As the largest sheep-producing state east of the Mississippi River, Ohio ranks 13th in national sheep production, where the average flock size is close to 40 ewes. DeYoung Minning says in Northeast Ohio, there is more demand for locally produced lamb than the average farm flock can supply. She says inconsistencies among flocks is a major barrier to the industry. “Of course, many factors influence meat quality and eating quality, from the birth of the lamb to its processing, packaging, and cooking,” explained DeYoung Minning, “But a substantial proportion of the differences in texture, juiciness, and flavor are attributable to variation between individual animals.”
With support from a $20,526 SARE grant, DeYoung Minning and two other Ohio sheep producers formed the Northeast Lamb Co-Op, a co-op of producers created to market together to local grocery stores and restaurants. They intend to market consistent, high quality lamb as a healthy red meat choice, which means excess fat or inconsistent quality can damage the quality of the Northcoast Lamb Co-Op brand. In order to ensure quality and consistency, the co-op determined that they would require carcass centralized ultrasound processing scanning for all co-op members. quality and consistency, the co-op determined that they would require carcass centralized ultrasound processing scanning for all co-op members.

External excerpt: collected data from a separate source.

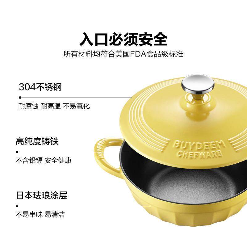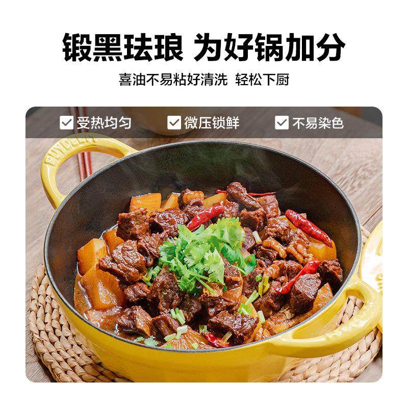 北鼎24cm珐瑯锅铸铁锅家用多功能煲汤炖锅0氟炖烧锅焖锅红烧卤煮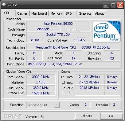 Результат разгона Intel Pentium Dual-Core (Wolfdale-2M)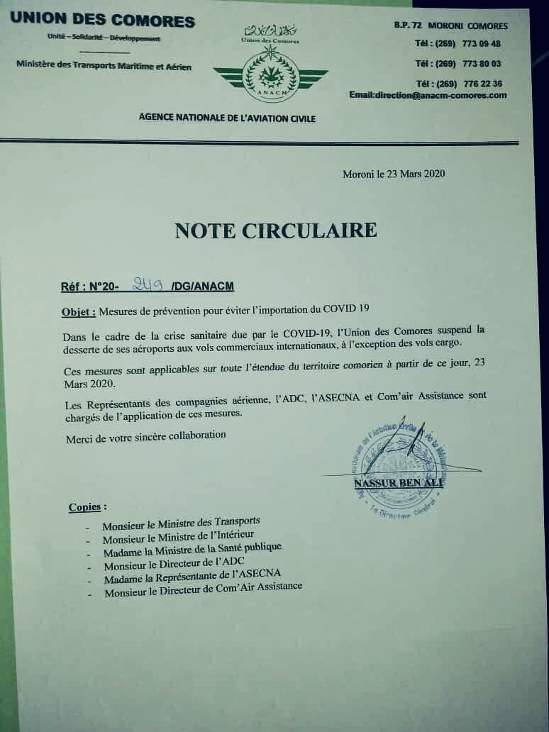 Les frontières sont totalement fermées depuis hier lundi 23 mars malgré les centaines de passagers bloqués dans les pays voisins notamment à Madagascar, Kenya et Tanzanie.
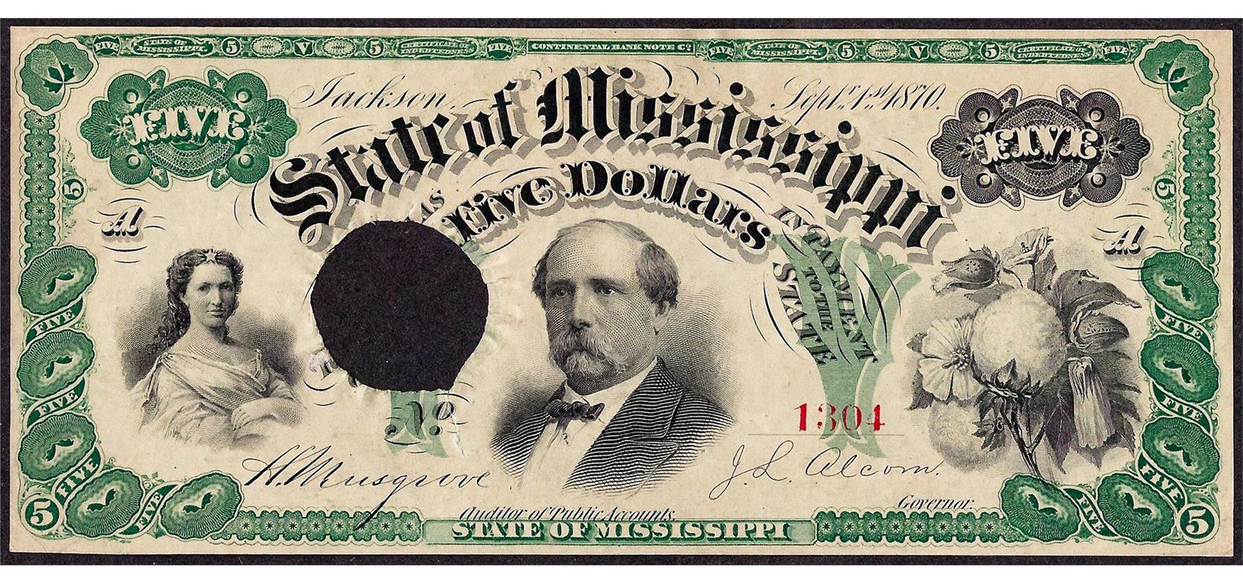 One 1870 $5 State of Mississippi Obsolete Note Cut Canceled.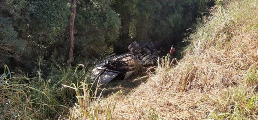Motorista passa a noite preso às ferragens, após caminhão cair em ribanceira na BR-354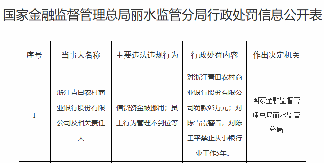 【大河财立方消息】9月2日消息,国家金融监督管理总局丽水监管分局披露的行政处罚信息公开表显示,因信贷资金被挪用、员工行为管理不到位等,浙江青田农村商业银行股份有限公司被罚95万元。

The three founding member producers each had Dorset flocks with similar production practices including riparian setbacks, rotational grazing, and nutrient management. Each used carcass scanning to evaluate their flocks. They determined that lambs from these flocks were even enough to ensure consistent quality to market lamb using the co-op label. Dorsets were originally chosen by the co-op members, and they met the co-op’s carcass loin eye criterion (an average 2.5 square inch loin between the 12th and 13th rib is used as criteria for acceptance to market lamb in the co-op). The three producers in the co-op want to expand and include other regional producers using the scanning methodology; they found it to be far more reliable than using weight and visual observations, which DeYoung Minning says can result in smaller loin eyes and too much back fat.
“The Co-op wants to work with any urban or rural farmer whose purpose is, to not only distribute and market lamb at a profit, but to produce the required high quality, consistent lamb demanded by a more discriminating marketplace,” said DeYoung Minning. “The Co-op will continue to assist members in identifying new strategies and methods to improve the quality of their flocks to help meet the rising demand for high value, quality lamb.”